:: Task directions ::
When you write out the listing, keep every character and omit the pictures.

:: Provided material ::
========================================================================

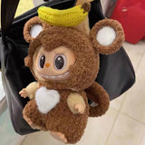This adorable Banana Monkey outfit is specially designed for the sitting 2nd Gen Labubu dolls, transforming your doll into a cute monkey complete with a banana headpiece and a soft brown suit. Whether hung on your bag or displayed on a shelf, it adds a playful touch to your collection!
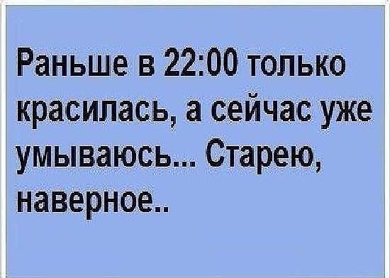 21 февраля 2013 забавная реклама Жена мужу: - Зря мы с тобой ругали дочь за пирсинг. Теперь, когда у нее кольцо в носу, поднимать в школу ее стало намного проще. Я - взрослый, состоявшийся мужчина, и мне нужен этот радиоуправляемый вертолет! Молодая мама перед 1-ым сентября: - Уф-ф-ф, вроде бы всё для школы купила: букварь, тетради, ручки, валерьянку, ремень... Димa выкуривал 20 сигарет в день, Коля выкуривает 15. Вопрос: не настораживает ли Колю, что о Диме говорят в прошедшем времени? Как сделать недорогой, но оригинальный подарок шефу на 23 февраля: купите тест на беременность, аккуратно нарисуйте 2 полоски, положите ему на рабочий стол с запиской "Угадайте кто?" Татуся, bakino4ka, Ёла и 11 других сказали спасибо Поделиться сообщением Ссылка на сообщение
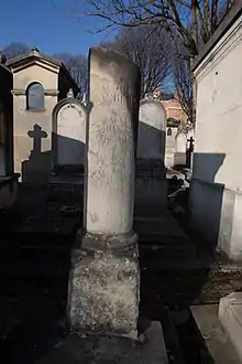 At the time of Lambert's death on 19 January 1871 it was already clear that France's capitulation was inevitable.[30] His funeral was held on 30 January 1871, when his body was taken to the Père Lachaise Cemetery. A bronze bust of the explorer was placed on his tomb. Some time before 1895 the body was exhumed and taken to a plot provided by the city of Paris, with the bust replaced by a broken column.[31] A monument was erected to Lambert in the Père Lachaise Cemetery in January 1924.[32]

========================================================================

:: Answer space ::
This adorable Banana Monkey outfit is specially designed for the sitting 2nd Gen Labubu dolls, transforming your doll into a cute monkey complete with a banana headpiece and a soft brown suit. Whether hung on your bag or displayed on a shelf, it adds a playful touch to your collection!
 21 февраля 2013 забавная реклама Жена мужу: - Зря мы с тобой ругали дочь за пирсинг. Теперь, когда у нее кольцо в носу, поднимать в школу ее стало намного проще. Я - взрослый, состоявшийся мужчина, и мне нужен этот радиоуправляемый вертолет! Молодая мама перед 1-ым сентября: - Уф-ф-ф, вроде бы всё для школы купила: букварь, тетради, ручки, валерьянку, ремень... Димa выкуривал 20 сигарет в день, Коля выкуривает 15. Вопрос: не настораживает ли Колю, что о Диме говорят в прошедшем времени? Как сделать недорогой, но оригинальный подарок шефу на 23 февраля: купите тест на беременность, аккуратно нарисуйте 2 полоски, положите ему на рабочий стол с запиской "Угадайте кто?" Татуся, bakino4ka, Ёла и 11 других сказали спасибо Поделиться сообщением Ссылка на сообщение
 At the time of Lambert's death on 19 January 1871 it was already clear that France's capitulation was inevitable.[30] His funeral was held on 30 January 1871, when his body was taken to the Père Lachaise Cemetery. A bronze bust of the explorer was placed on his tomb. Some time before 1895 the body was exhumed and taken to a plot provided by the city of Paris, with the bust replaced by a broken column.[31] A monument was erected to Lambert in the Père Lachaise Cemetery in January 1924.[32]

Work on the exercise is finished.